Mark, don't know what type of challenge you might have in mind which could compete with the 2008 Flamingo International Challenge, but you might just consider purchasing a SFL USA YB kit, and testing your management skills againest other fanciers and affiliates around the country who will be flying SFL USA YB's.... .........


----------



## Skyeking (Jan 17, 2003)

This is quite an acomplishment.

Please give blue 181 my congratulations and a hug from me, when the bird comes home.

I think the other birds are also remarkable, and I hope the rest of the birds find their way home or to safety.
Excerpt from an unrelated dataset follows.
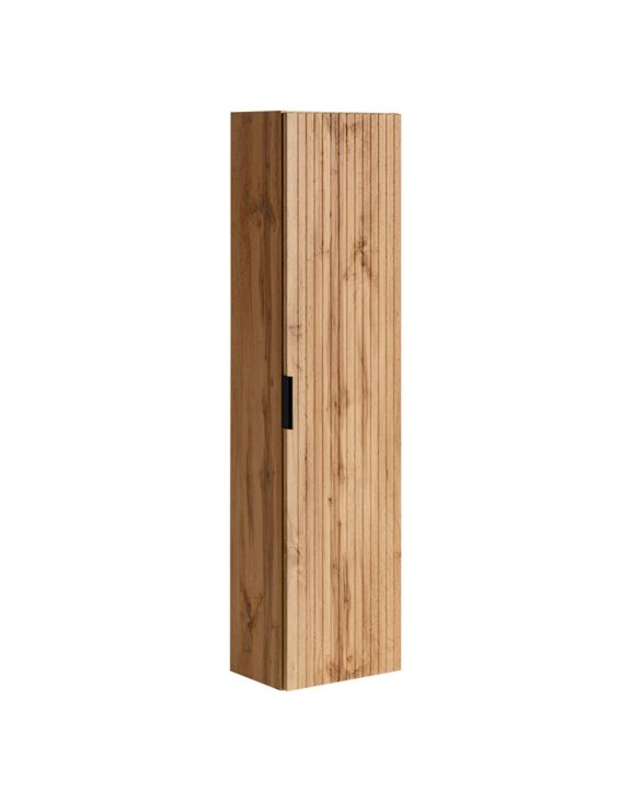 Vysoká kúpeľňová skrinka Adel Oak s jednými dvierkami uľahčuje udržiavanie poriadku v kúpeľni a zodpovedá súčasným dizajnovým trendom.

Here's to you Warren, and to your future goals to perfection!!! I think this bird is pretty darn close, and nature itself is perfection.

Thank you for sharing.


----------



## Dezirrae (Oct 6, 2007)

This is great Warren!!! A huge congratulations  Give yourself a few bow-coos


----------



## hillfamilyloft (Jun 22, 2005)

Mark

I did not have birds in the Flamingo. I can't afford those big races. I raced three small futurities and had a bird enterend into a small bond race. My results were as follows.

Alaska One Loft Race - Equal First, sixth to trap
Western Slopes Futurity - First Average speed, had birds win the 120 and 260 also.
Fred Cambell Memorial Race - 16th and 24th ish
Bond Race ABQ NM - Won 1st bonded sixth in race. 

Would love to have had birds in this race. I love the average speed races. Warren is right about longer races over 300. It takes a great bird to finish that. I am also sure that Warren has an idea of what is needed for the Top Gun Award in that race. A bird needs to finish well in all the races. The first page every race. Its a nice race because it awards prizes in every race and for average speed. You do need a different bird for each prize awarded. I am sure he is eyeing that average speed for next year. Congrats on winning that 350 its a great race. For you guys looking for a good test of birds the Flamingo is it. For those who are cheep like me the Western Slopes One loft Race put on by Grand Juctions club and run by Glenn Gleason is a great test for your birds. Five races 120-360 over Grand Mesa in Colorado. 

Well back to Warren, congrats again, great win against great competition.

Randy


----------



## italianbird101 (Sep 12, 2007)

Warren, Congradulations.
Mel


----------



## Lovebirds (Sep 6, 2002)

hillfamilyloft said:


> Mark
> 
> I did not have birds in the Flamingo. I can't afford those big races. I raced three small futurities and had a bird enterend into a small bond race. My results were as follows.
> 
> ...



We sent birds to one OOA race......the Dixie Southern, which was held in TN this year. They lost 5 of our 6 birds and the sixth one didn't even show up on the race sheet on race day......... In fact, the person who had this bird only clocked ONE bird in the whole race. 
Don't know what went on there.......every bird I sent was a brother/sister to the same birds I flew here for 8 weeks and they are all still here........go figure.......I HEARD some things about the race and I won't repeat them cause I don't even know if they were true or not, but needless to say, we were a more than a little disappointed........


----------



## SmithFamilyLoft (Nov 22, 2004)

*Family Reunion and Wedding Plans at SFL USA !*

I really do appreciate the kind words, but the truth of the matter is the congradulations should go to Blue 181, the only small part of brilliance that I played was introducing "Duke" and "First Lady" and they did the rest............. 

Every year since the 2003 season my "Duke of Earl" has produced Club and Combine diploma winners regardless of his mate, and when the opportunity came along to acquire the "First Lady" whose offspring has now produced in excess of $15,000 in cash winnings, well side by side, they just seemed like a match made in heaven. And now, with the Flamingo 350 race, it appears that it also was a successful match. But for 2008 "Duke" is being paired to the "Blue Falcon" since a previous pairing together produced a super brother/sister pairing which have turned out an American Ace and countless diploma winners and cash money winners, as well as my most consistant pair this year in the Flamingo. 

Since our family believes in arranged marriages..........Blue 181 on his return to the mother loft and after a little family reunion party, will be introduced to one of his beautiful cousins, who managed to make the UPC bird of the year list, along with some combine and club diplomas. Her sire was "Duke the III" and her dam was "Blue Falcon", so we have a high degree of confidence that 2008 will also be a very exciting year.


----------



## mr squeaks (Apr 14, 2005)

Sounds TERRIFIC, Warren and things are moving right along!!

Of course, we will be watching....and waiting...may have to leave out "surprised" tho!  

Shi


----------